Y en busca de encontrar explicaciones, las culpas son repartidas, entre un técnico que no logró darle un estilo de juego al equipo, futbolistas que mostraron un nivel bajísimo y una interna del plantel que sigue perjudicando el rendimiento colectivo.
Panorama complicadísimo, sobre todo teniendo en cuenta lo que asoma por delante, en un segundo semestre con la obligación de pelear bien arriba para intentar ganar el torneo Inicial, que es la única manera de meterse otra vez en la Copa Libertadores.
En pocas palabras, Boca necesita reinventarse como equipo, con el agravante que sólo tendrá una semana de vacaciones y arrancará la pretemporada el 2 de julio apenas con la certeza de tener sentado en el banco de suplentes a Carlos Bianchi como entrenador y a su máximo estandarte futbolístico, Juan Román Riquelme, entre los once.
Las demás son todas incógnitas, tanto de los jugadores que permanecerán en el plantel como de los que llegarán como refuerzos. Por el momento, parecen ser más los que se bajan del proyecto que los que se suman.
Porque a las salidas casi seguras de Franco Sosa, Emiliano Albín, Lautaro Acosta y Christian Cellay; se agregan las más que probables de Santiago Silva, Lucas Viatri y Guillermo Burdisso, que no son considerados por el entrenador; la de Walter Erviti, quien anunció que quiere cambiar de aire; y las que penden de un hilo, como en los casos de Clemente Rodríguez y Leandro Somoza, que están más para irse que para renovar el contrato que se les vence.
Y si a eso le sumamos las ofertas tentadoras de clubes del exterior por Agustín Orión, Juan Manuel Sánchez Miño y Cristian Erbes, todo pinta más oscuro aún.
De refuerzos, por ahora lo que asoma con más fuerza es la llegada de Daniel "Cata" Díaz, a quien le harían un contrato de tres años para que se convierta en el nuevo líder de una defensa que preocupa.
Después, está la chance de que se sume Matías Rodríguez, un lateral que se formó en Boca pero que triunfó en Chile y viene de jugar en Sampdoria de Italia. Y como pedido especial del Virrey, la intención de hacer un esfuerzo económico para que llegue el goleador Emmanuel Gigliotti, que hoy está más cerca de irse a México.
La gran pregunta es, entonces, entre tantas salidas, tan pocas certezas de los que quedan y un panorama austero de refuerzos: ¿Qué futuro tiene el nuevo Boca? Y la primera respuesta es simple y rápida: complicado.

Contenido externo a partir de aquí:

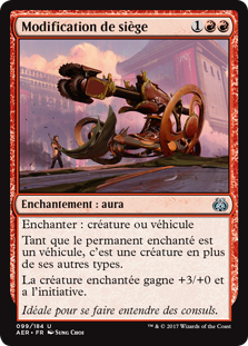 | Rules | Enchant creature or Vehicle As long as enchanted permanent is a Vehicle, it's a creature in addition to its other types. Enchanted creature gets +3/+0 and has first strike. |

Al menos valen las palabras de Bianchi en Catamarca, por primera vez autocrítico y realista con su trabajo de estos primeros seis meses, para afirmarse en un mejor horizonte.
"No cumplimos bien los deberes y a partir de julio tendremos que tratar de encontrar las soluciones que Boca Juniors se merece. Tengo que conseguir darle un estilo, esa impronta que debe darle un técnico a un equipo para intentar lograr lo que se pretende, que es pelear arriba. Tenemos que encontrarle la vuelta, porque fuimos muy irregulares y obtuvimos resultados para nada satisfactorios. Me siento responsable de eso", afirmó el Virrey con crudeza, aunque renunciando a calificar como un "fracaso" esta primera parte del año.
Sin embargo, el propio Bianchi sabe que en la medida que no se meta en la pelea grande en el torneo Inicial, ese calificativo será inevitable. Por lo pronto, hay algo claro, que ya no debe dejarse en un segundo plano.
Sostenido en Riquelme como su jugador emblema, el Virrey deberá rodearlo de otros que lo entiendan, no sólo en la cancha sino afuera de la misma, para que el equipo sea un bloque a la hora de jugar pero también en la de conformar un grupo homogéneo. Un punto clave para que Boca pueda recuperar su perfil ganador.